In aspects, at generate answer option list operation 206, answer options associated with questions of a question-answer pair are generated. Answer choices may be generated based at least on answer portions of question-answer pairs. The task executor may present answer options and their corresponding questions for selection by the user. Having answer options enables answers to questions within a range of widths to be received from a user, thereby enabling the language model to generate accurate and consistent task-specific outputs.

Upon receiving one or more questions operation 208, method 200 receives one or more questions from the language model for display. In aspects, the one or more questions operation 208 also receives the list of answer options for the one or more questions generated by the generate answer options list operation 206.
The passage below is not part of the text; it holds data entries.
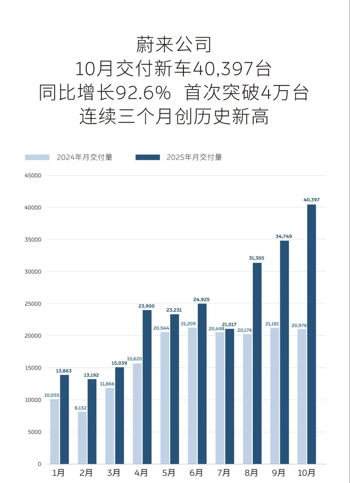 在媒體發(fā)布的這份交付榜單中,首次達(dá)成月交付量超四萬(wàn)的蔚來(lái)公司,成了唯一一個(gè)在純電賽道奮力搏殺了十一年的“孤勇犟種”。蔚來(lái)用十一年的時(shí)間,把自己變成了一家純粹又堅(jiān)定只趟純電這條并不好走的路的中國(guó)新能源車(chē)企。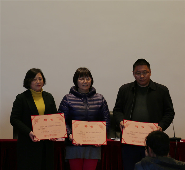 和克纯副校长宣读我校关于聘任12位同志专业技术职务的通知,3名老师聘任为教授,9名老师聘任为副教授;张洪波校长一一为其颁发了证书。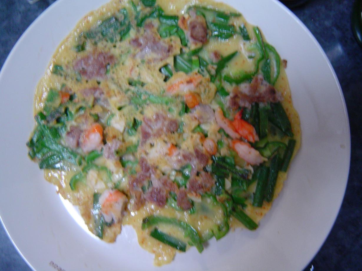 今晩のおかずはかつおのたたきと、えびとぶたにくのちぢみ。ちょっと安い卵を買ったら、やたら黄色味が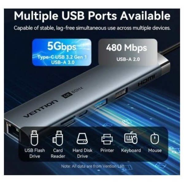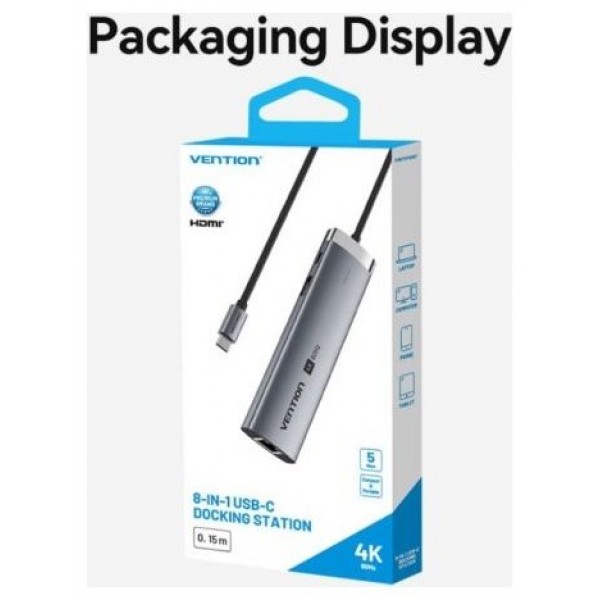 Vention Docking Station USB-C a HDMI/ USB-C 3.2Gen1/ USB3.0/ USB2.0/ RJ45/ SD/ TF/ PD TGUHB 0.15m Aluminio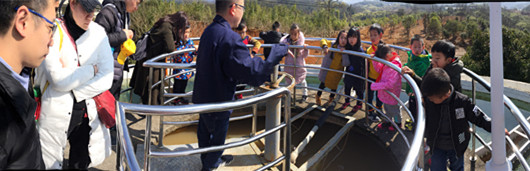 當天下午,王壇水廠迎來了來自魯迅小學的30多名學生、家長和教師,在水廠工作人員的帶領下,30多名參觀者參觀了反應池、過濾池、清水池、化驗室等制水場地,見證了自來水從混濁到清澈的“出生過程” 直觀的了解了從“原水”到“出廠水”的濁度變化有多大,水里面的雜質是怎樣分離出來的,最后輸到家里的“自來水”是否達到標準……,并現場觀看了化驗員對原水和出廠水進行水質檢測。參加“探秘”的小學生們還親身體驗了色度比對、PH值測試等小實驗,通過現場參觀,讓大家了解了自來水生產的全過程,增強了節水、護水意識。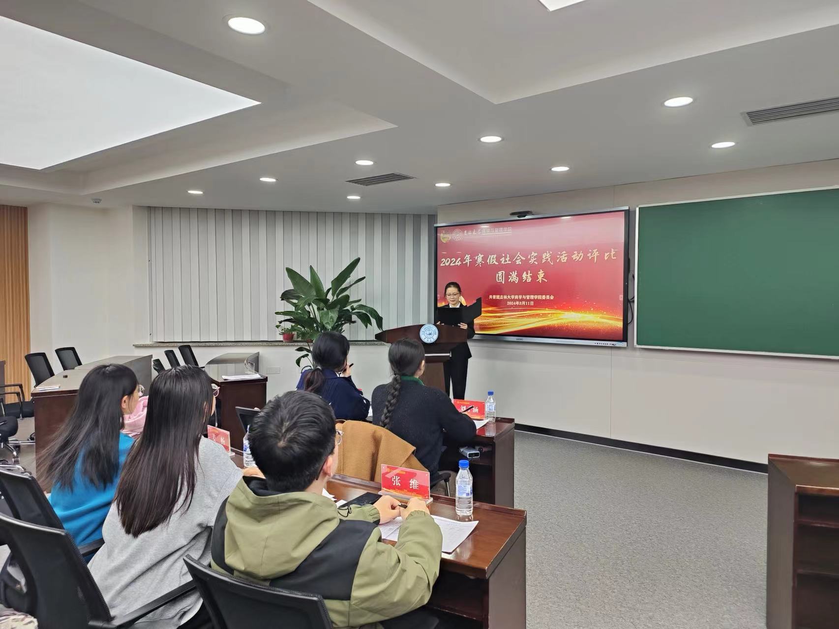 为相应党的号召,紧跟时代步伐,表彰在2024年寒假社会实践活动中表现突出的先进集体,个人及优秀组织单位,激励我院学子更加积极地投身于社会实践与志愿服务活动,商学与管理学院于3月11日下午14:00于东荣A606,对本次社会实践活动展开了评比工作。

At a display questions operation 210, one or more question prompts including the question are displayed to the user via the client computing device. Turning now to FIG. 4A, an exemplary user interface 400A is provided that illustrates a question prompt that may be generated at generate questions operation 204 and displayed at display questions operation 208. In the exemplary user interface 400A, a task request to generate a wedding invitation is received. Based on the exemplary task request, a series of related questions are generated and displayed in the user interface 400A.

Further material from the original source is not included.